Pursuant to the Purchase Agreement and the Registration Rights Agreement, the Company was obligated to register 15,000,000 shares of Common Stock under the Securities Act, which includes the Commitment Shares and Initial Purchase Shares that have already been issued to Aspire Capital and an additional 13,000,000 shares of Common Stock which the Company may issue to Aspire Capital after the registration statement is declared effective under the Securities Act.

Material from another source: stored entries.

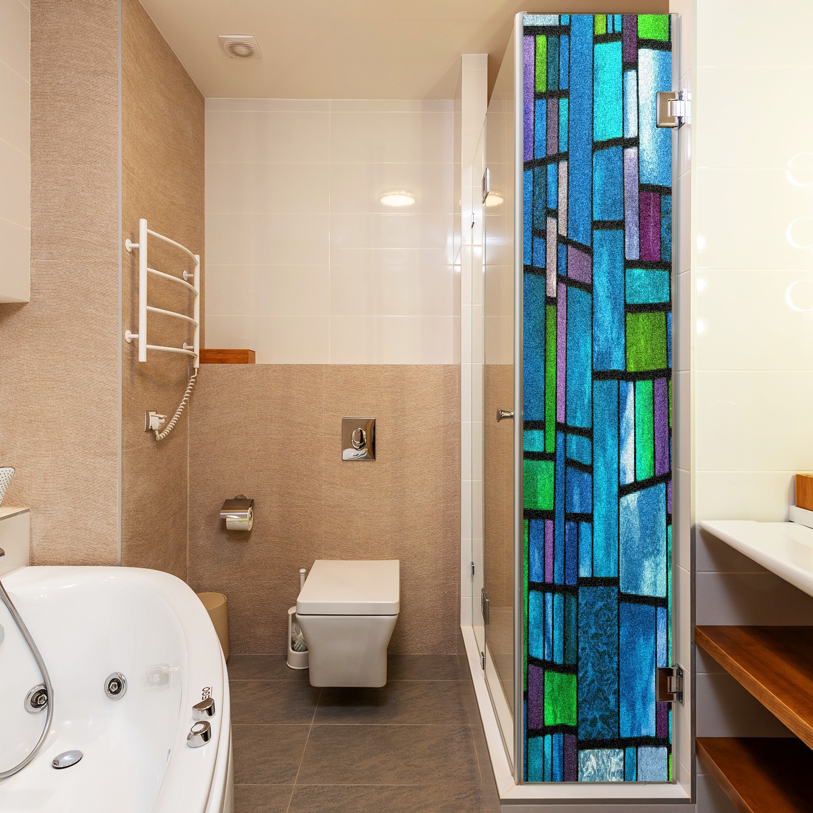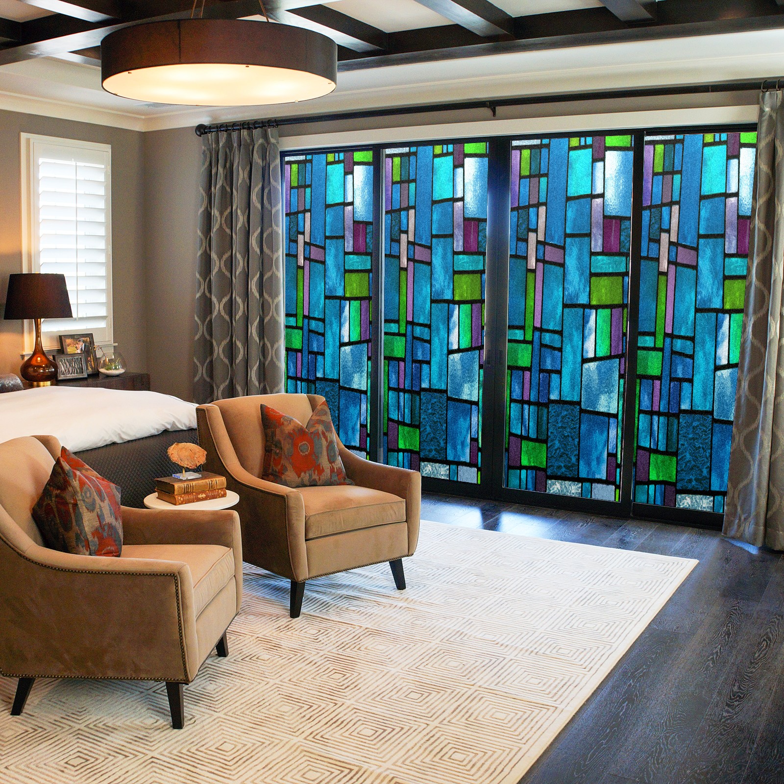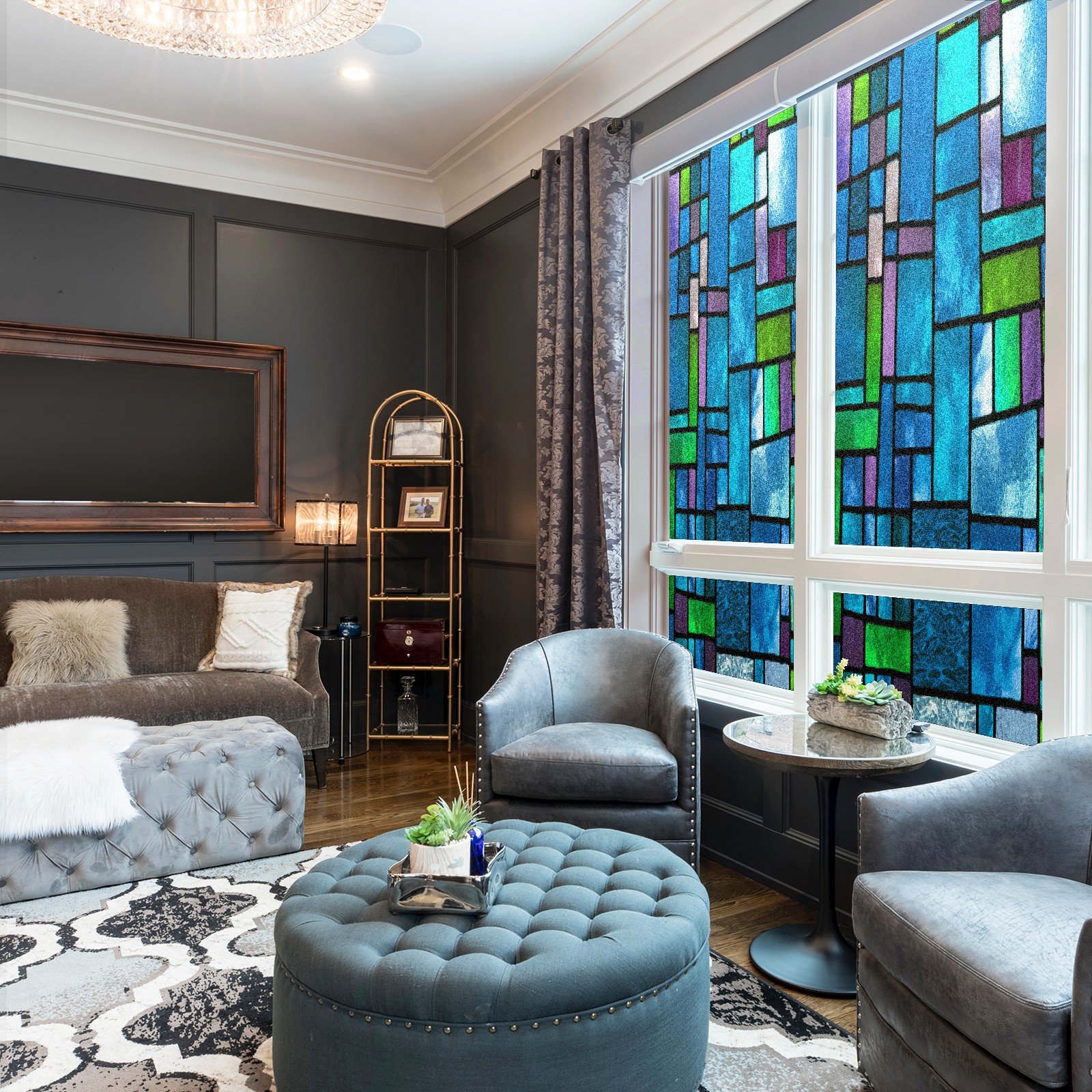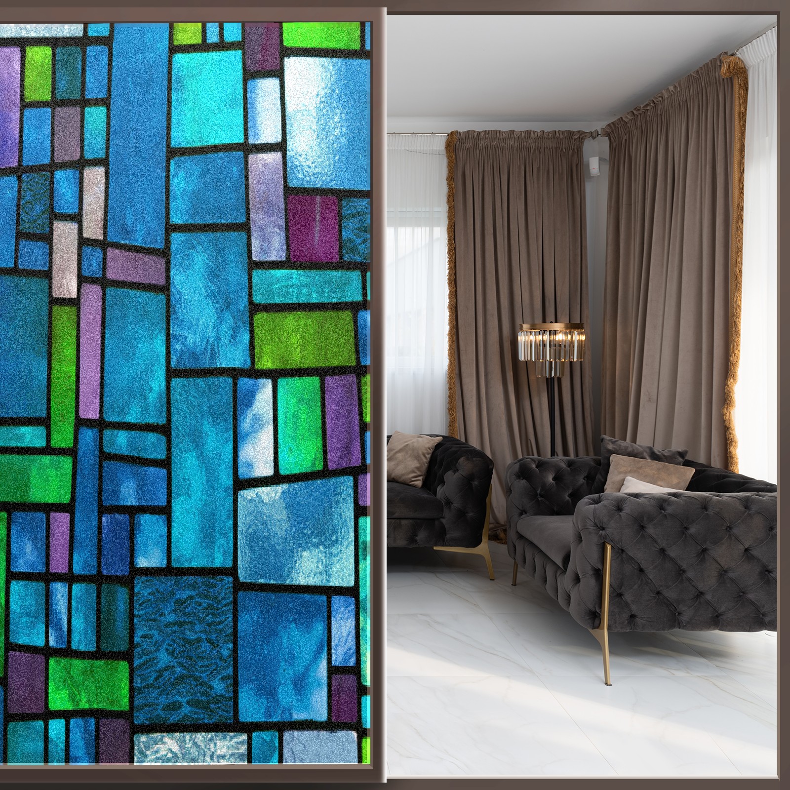 MSINMKOK Window Privacy Film Blue Green Stained Glass Decorative Frosted Glass Window Film for Glass Door Bathroom Window 17.7'' x 23.6'' Non-Adhesive Window Decals Stickers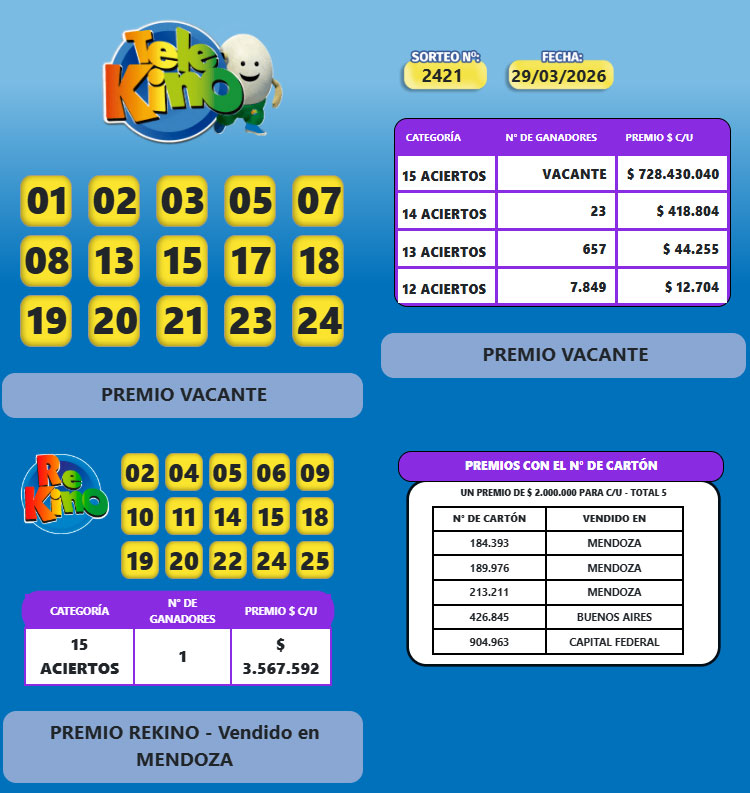 Sociedad | Este domingo, 29 de marzo, el sorteo tradicional del Telekino resultó vacante. En tanto el Rekino fue para 1 apostador.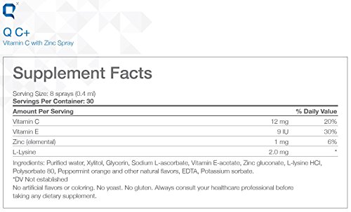 -. Feature : BEST VITAMIN C SPRAY Q C+ Vitamin C with Zinc spray plays an important role in nutrition and overall health and wellness. This Vitamin C spray supplement and multivitamin spray offers a powerhouse complex of Vitamin C antioxidant, Zinc, L Lysine, and Vitamin E. Our blend of Zinc vitamins, Vitamin E antioxidants, and Vitamin C aids in optimal calcium absorption. / BENEFITS OF Q C+ SPRAY Contains a compact formula of Vitamin C with Zinc that repels free radicals, helps with wounds, essential for enzymatic processes, helps maintain the release of Vitamin A, calcium absorption, and helps with treatment of cold sores. These are brain vitamins! Functions as a: Lysine supplement, Zinc throat spray, and Vitamin C liquid supplement. This Vitamin C with Zinc is 100% effective! / WHY Q C+ Vitamin C Spray? Our Vitamin C Spray and Zinc vitamin supplement provide addtional nutritional support and and has been formulated with the highest quality natural ingredients. Each tube contains approximately 30 servings (240 sprays)! Q Sciences is committed to providing the best products which is why we offer the best Vitamin C supplement on the web! / QUALITY ASSURANCE Manufactured in the USA. Our customers are our most important asset. / MONEY BACK GUARANTEE Try Q C+ Vitamin C Spray risk free with our 30-day money back guarantee. If you are not satisfied for any reason, return the product within 30 days for a full refund.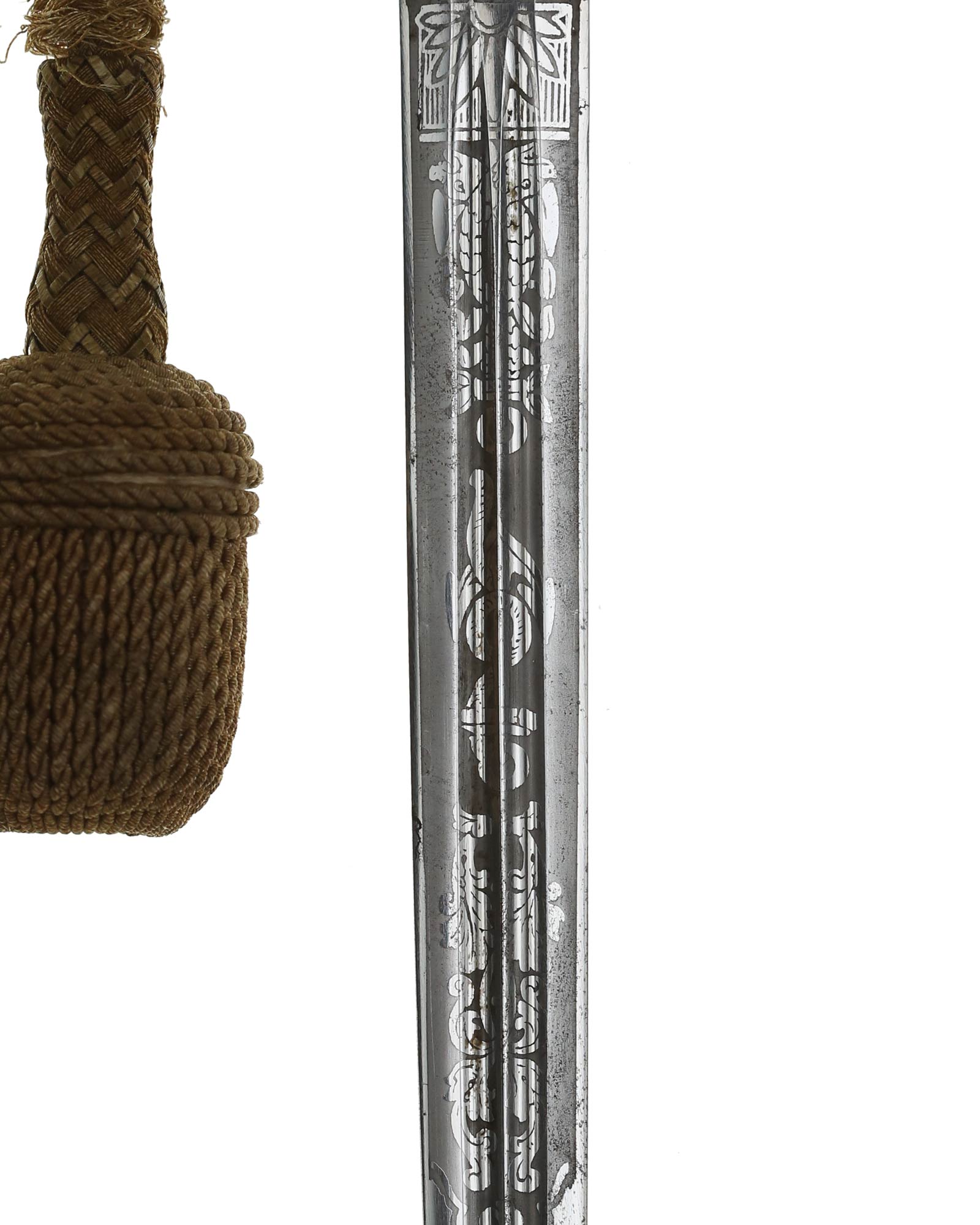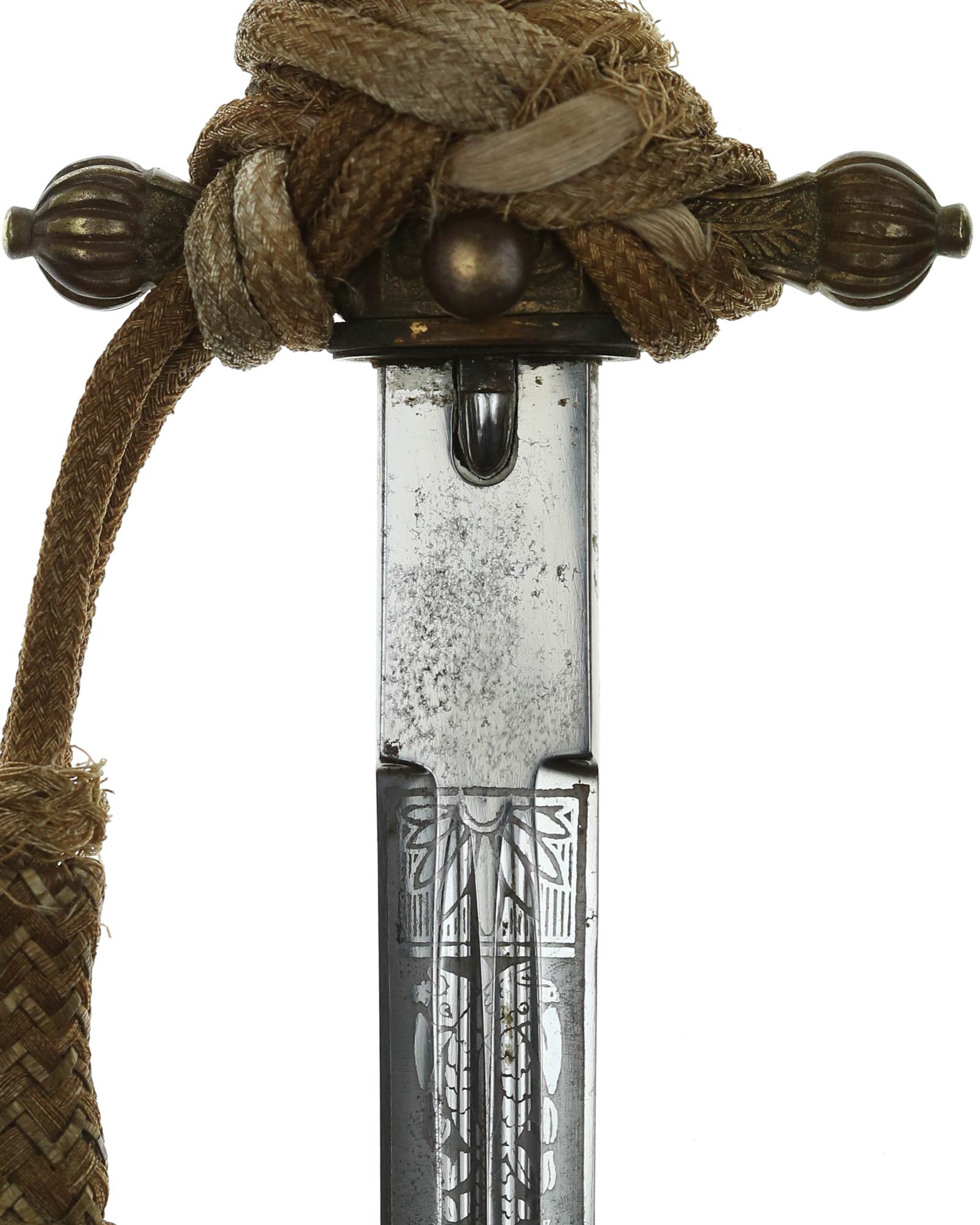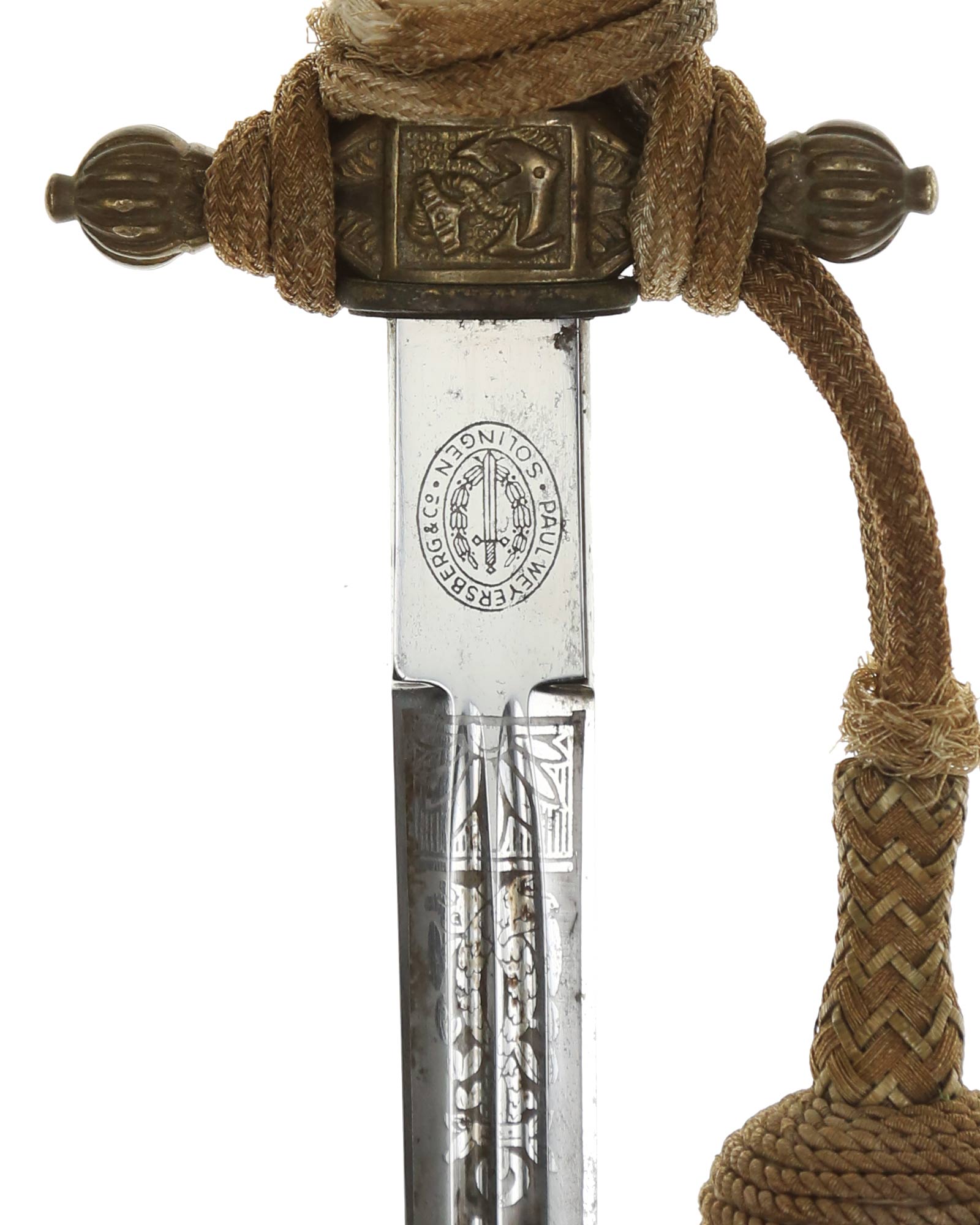 Клинок: Клинок стальной, прямой, двулезвийный, ромбического сечения, никелированный, с двумя долами. На клинке с двух сторон украшен травлением с изображением растительного орнамента и морской арматуры (якорь, обвитый канатом). На пяте клинка хорошо различимо клеймо фирмы-производителя - «Paul Weyersberg & Co., Solingen» — клеймо немецкой фирмы Пауль Вайерсберг, Золинген.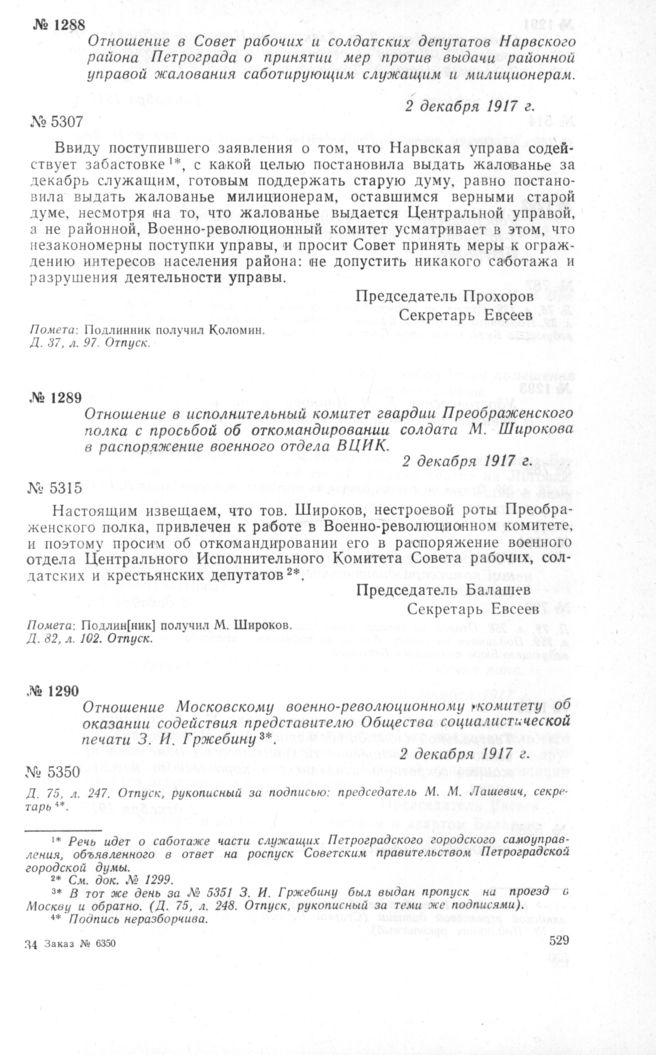 Отношение Московскому военно-революционному комитету об оказании содействия представителю Общества социалистической печати 3. И. Гржебину. 2 декабря 1917 г. // ЦГАОР СССР, ф. 1236, д. 75, л. 247. Отпуск, рукописный.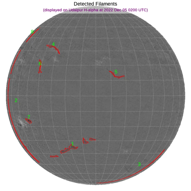 ※フィラメント:東側と北半球西寄り、南半球西端にフィラメントがあります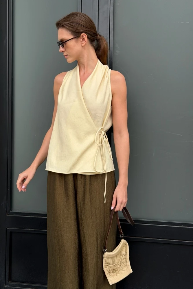 Лён с выраженной фактурой, но при этом мягкий и приятный на ощупь. Вырез халтер всегда смотрится элегантно и, за счёт открытых плеч, соблазнительно. Такой топ даже в будничных комплектах выглядит женственно и мягко, но уверенно подчёркивает свою обладательницу.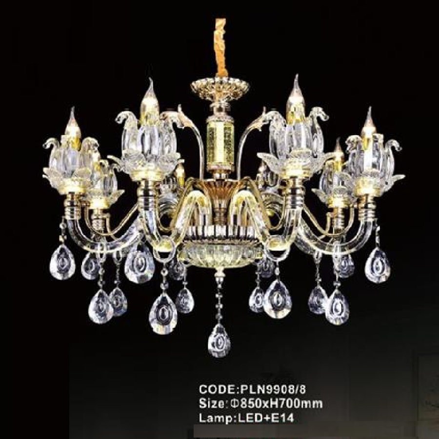 - Sản phẩm: CODE: PLN9908/8: Đèn chùm nến 8 tay - KT: Ø850mm x H700mm - Đèn nến chân E14 x 8 + Đèn LED

Said Registration Statement was declared effective by the SEC on April 28, 2014 and has since become stale.

 

In the event the Company were to file a post-effective amendment to its Registration Statement and said Registration Statement was declared effective by the Securities and Exchange Commission, then in such event, on any trading day on which the closing sale price of our Common Stock exceeds $0.16, we have the right, in our sole discretion, to present Aspire Capital with a purchase notice (each, a “Purchase Notice”), directing Aspire Capital (as principal) to purchase up to 200,000 shares of Common Stock per trading day, provided that the aggregate price of such purchase shall not exceed $250,000 per trading day, up to $15.0 million of Common Stock in the aggregate at a per share price (the “Purchase Price”) calculated by reference to the prevailing market price of the Common Stock (as more specifically described below). In addition, on any date on which we submit a Purchase Notice for 200,000 shares to Aspire Capital and the closing sale price of the Common Stock is equal to or greater than $0.50 per share, we also have the right, in our sole discretion, to present Aspire Capital with a volume-weighted average price purchase notice (each, a “VWAP Purchase Notice”) directing Aspire Capital to purchase an amount of stock equal to up to 30% of the aggregate shares of Common Stock traded on the OTCQB on the next trading day (the “VWAP Purchase Date”), subject to a maximum number of shares we may determine (the “VWAP Purchase Share Volume Maximum”) and a minimum trading price (the “VWAP Minimum Price Threshold”) (as more specifically described below). The purchase price per Purchase Share pursuant to such VWAP Purchase Notice (the “VWAP Purchase Price”) is calculated by reference to the prevailing market price of Common Stock (as more specifically described below).

 

The Purchase Agreement provides that the Company and Aspire Capital shall not affect any sales under the Purchase Agreement on any purchase date where the closing sale price of the Common Stock is less than $0.16 per share (the “Floor Price”). This Floor Price and the respective prices and share numbers in the preceding paragraphs shall be appropriately adjusted for any reorganization, recapitalization, non-cash dividend, stock split, reverse stock split or other similar transaction. There are no trading volume requirements or restrictions under the Purchase Agreement, and the Company will control the timing and amount of any sales of Common Stock to Aspire Capital. Aspire Capital has no right to require any sales by us, but is obligated to make purchases from us as the Company directs in accordance with the Purchase Agreement. There are no limitations on use of proceeds, financial or business covenants, restrictions on future fundings, rights of first refusal, participation rights, penalties or liquidated damages in the Purchase Agreement. The Purchase Agreement may be terminated by the Company at any time, at its discretion, without any penalty or cost to the Company. It is the Company’s plan to allow the Purchase Agreement to expire on March 31, 2016 and to not file f post-effective amendment to its Registration Statement.